Dataset excerpts.
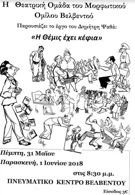 Η Θεατρική Ομάδα του Μορφωτικού Ομίλου Βελβεντού παρουσιάζει τη Θεατρική Παράσταση “Η Θέμις έχει κέφια”, την Πέμπτη 31/05 και την Παρασκευή 01/06, στις 8.30 μ.μ. στο Πνευματικό Κέντρο Βελβεντού.
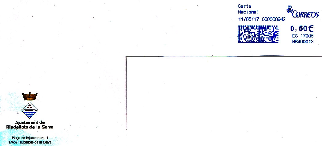 NB400013 Ayuntamiento de Riudellots de la Selva (código postal de entrega en Girona)
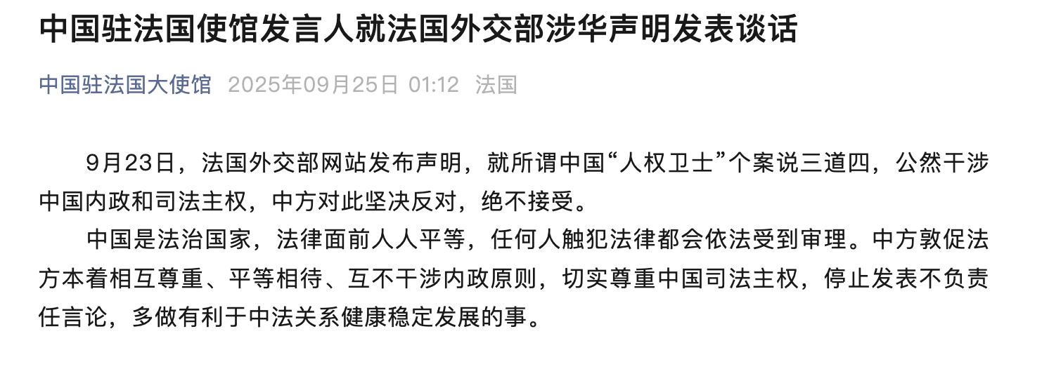 9月23日,法國外交部網站發布聲明,就所謂中國「人權衛士」個案說三道四,公然干涉中國內政和司法主權,中方對此堅決反對,絕不接受。
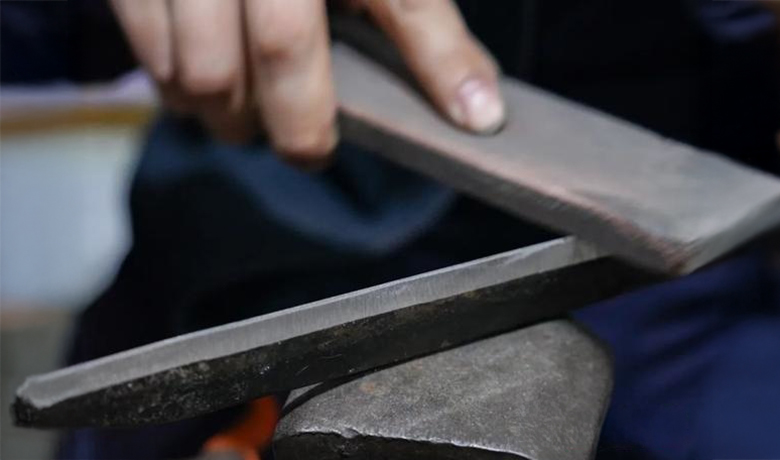 郑家的秘诀在于独有的“夹钢”技艺——将两种钢,一硬一软,烧红锻打成一体,硬钢为刃,软钢为背,经反复锻打至薄如纸,坚而不脆,锋而不卷。剪刀咬合处仅一点,一毫米之宽,却能剪铁如纸。外观质朴乌蓝,不作修饰,留下锤纹的肌理与匠人的呼吸。
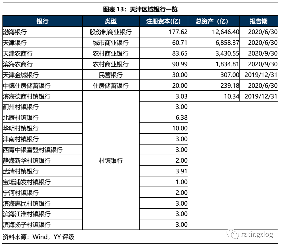 從銀行資源來看,天津作為四大直轄市,總部在本地的唯有渤海銀行、天津銀行、天津農商行和天津濱海農商行四家可看,其中僅渤海銀行資產規模過萬億;至于其他非銀金融機構,天津更是乏力。整體來看天津區域金融資源較為稀缺。
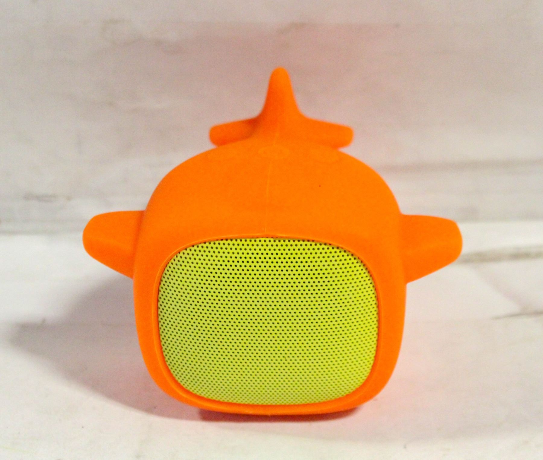 DESIGN WITH A ORANGE BODY AND A YELLOW SPEAKER GRILLE FEATURES A BUILT-IN LITHIUM BATTERY AND SUPPORTS VOICE CALLS
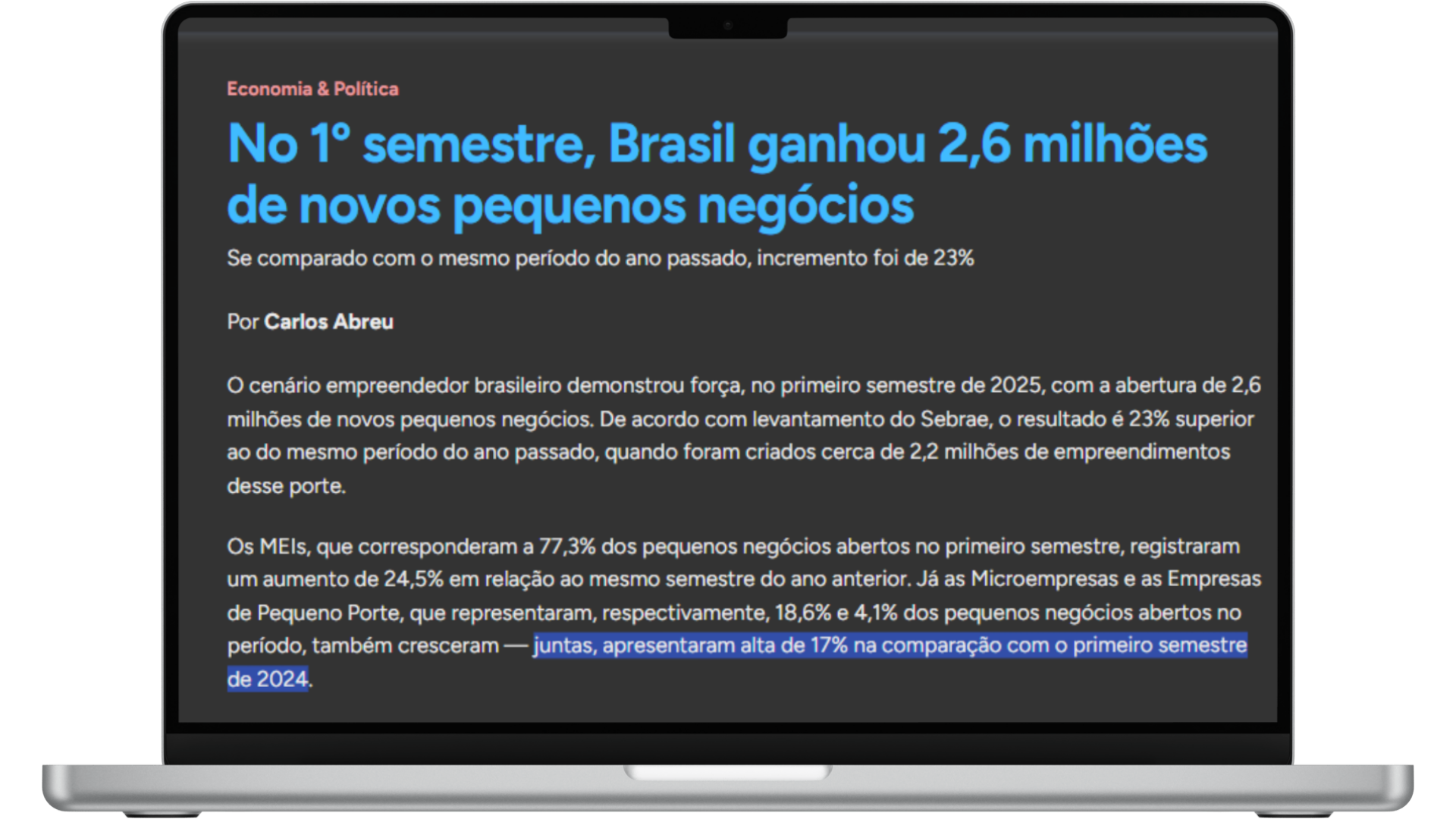 O Brasil tem 21 milhões de pequenos negócios ativos (fonte Sebrae).

ASSIGNED TASK.
Reproduce the data word for word; no pictures.

YOUR SOLUTION.
 Η Θεατρική Ομάδα του Μορφωτικού Ομίλου Βελβεντού παρουσιάζει τη Θεατρική Παράσταση “Η Θέμις έχει κέφια”, την Πέμπτη 31/05 και την Παρασκευή 01/06, στις 8.30 μ.μ. στο Πνευματικό Κέντρο Βελβεντού.
 NB400013 Ayuntamiento de Riudellots de la Selva (código postal de entrega en Girona)
 9月23日,法國外交部網站發布聲明,就所謂中國「人權衛士」個案說三道四,公然干涉中國內政和司法主權,中方對此堅決反對,絕不接受。
 郑家的秘诀在于独有的“夹钢”技艺——将两种钢,一硬一软,烧红锻打成一体,硬钢为刃,软钢为背,经反复锻打至薄如纸,坚而不脆,锋而不卷。剪刀咬合处仅一点,一毫米之宽,却能剪铁如纸。外观质朴乌蓝,不作修饰,留下锤纹的肌理与匠人的呼吸。
 從銀行資源來看,天津作為四大直轄市,總部在本地的唯有渤海銀行、天津銀行、天津農商行和天津濱海農商行四家可看,其中僅渤海銀行資產規模過萬億;至于其他非銀金融機構,天津更是乏力。整體來看天津區域金融資源較為稀缺。
 DESIGN WITH A ORANGE BODY AND A YELLOW SPEAKER GRILLE FEATURES A BUILT-IN LITHIUM BATTERY AND SUPPORTS VOICE CALLS
 O Brasil tem 21 milhões de pequenos negócios ativos (fonte Sebrae).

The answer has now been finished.